Extended Data Fig. 5: Cryo-EM processing of NSUN2C271A-tRNALysTTT-SAH structures.
From: Substrate selectivity of the human RNA m5C methyltransferase NSUN2
a, Cryo-EM data processing workflow with a representative micrograph and 2D classes provided. Final map density is colored by domain (NTD: blue, MTD: purple, CTD1: light green, CTD2: dark green, RNA: orange, SAH: pink). b-g, Comparison of the “Conformation 1” (left) and “Conformation 2” (right) reconstructions.
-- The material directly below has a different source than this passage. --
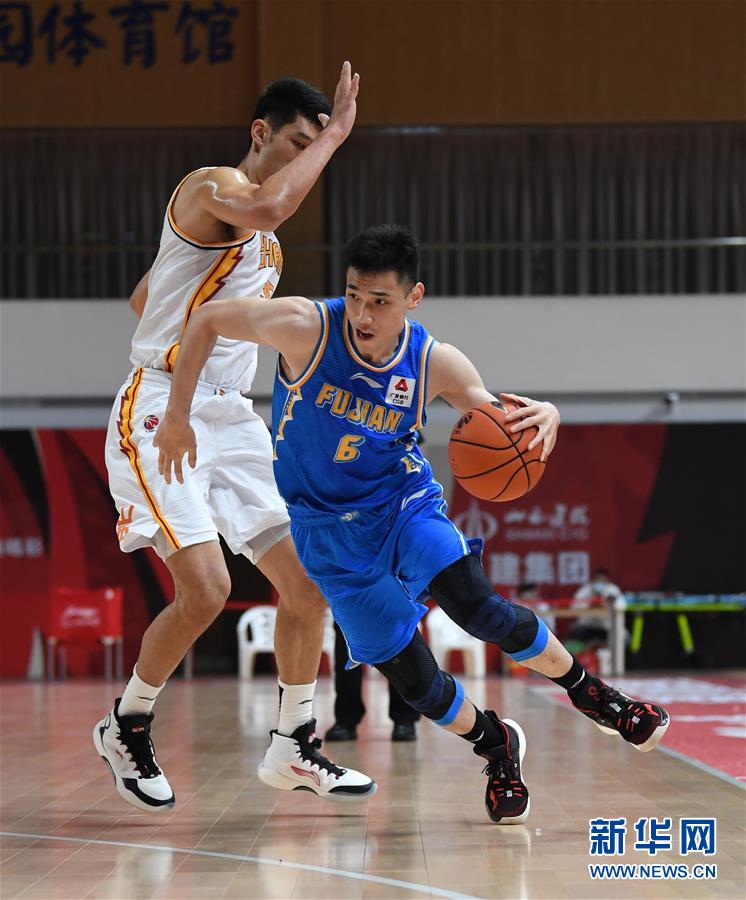 10月31日,福建豹发力队球员刘洺宇(右)在比赛中突破防守。 当日,在浙江诸暨举行的2020-2021中国男子篮球职业联赛(CBA)第一阶段第七轮比赛中,山西汾酒股份队以102比85战胜福建豹发力队。 新华社记者 沙达提 摄

Unsharpened cryo-EM maps of protein-RNA complexes (top) or protein and RNA map segments (bottom) colored by local resolution (b), gold standard FSC curves with 0.5 and 0.143 thresholds (top) and conical FSC curves with relative distribution frequencies (bottom) (c), relative signal amounts by viewing direction in a 2D heatmap (top) and 3D projections (bottom) (d), molecular models for each reconstruction (e), and Q-scores calculated per protein (f) and RNA (g) residue. For models, protein is shown in cartoon representation and colored by domain, with RNA as orange ribbons and the SAH cofactor as pink sticks. Sigma (σ) denotes the threshold level in standard deviations from the mean. h-i, Secondary structure diagrams of the Acceptor- T-arm junction in tRNALysCTT (h), tRNALysTTT (i) conformations when complexed with NSUN2. Target cytosines are highlighted in yellow. j, Proposed secondary structure diagram of the Acceptor- T-arm junction in tRNALysTTT(A50C) when complexed with NSUN2. Target cytosines are highlighted in yellow.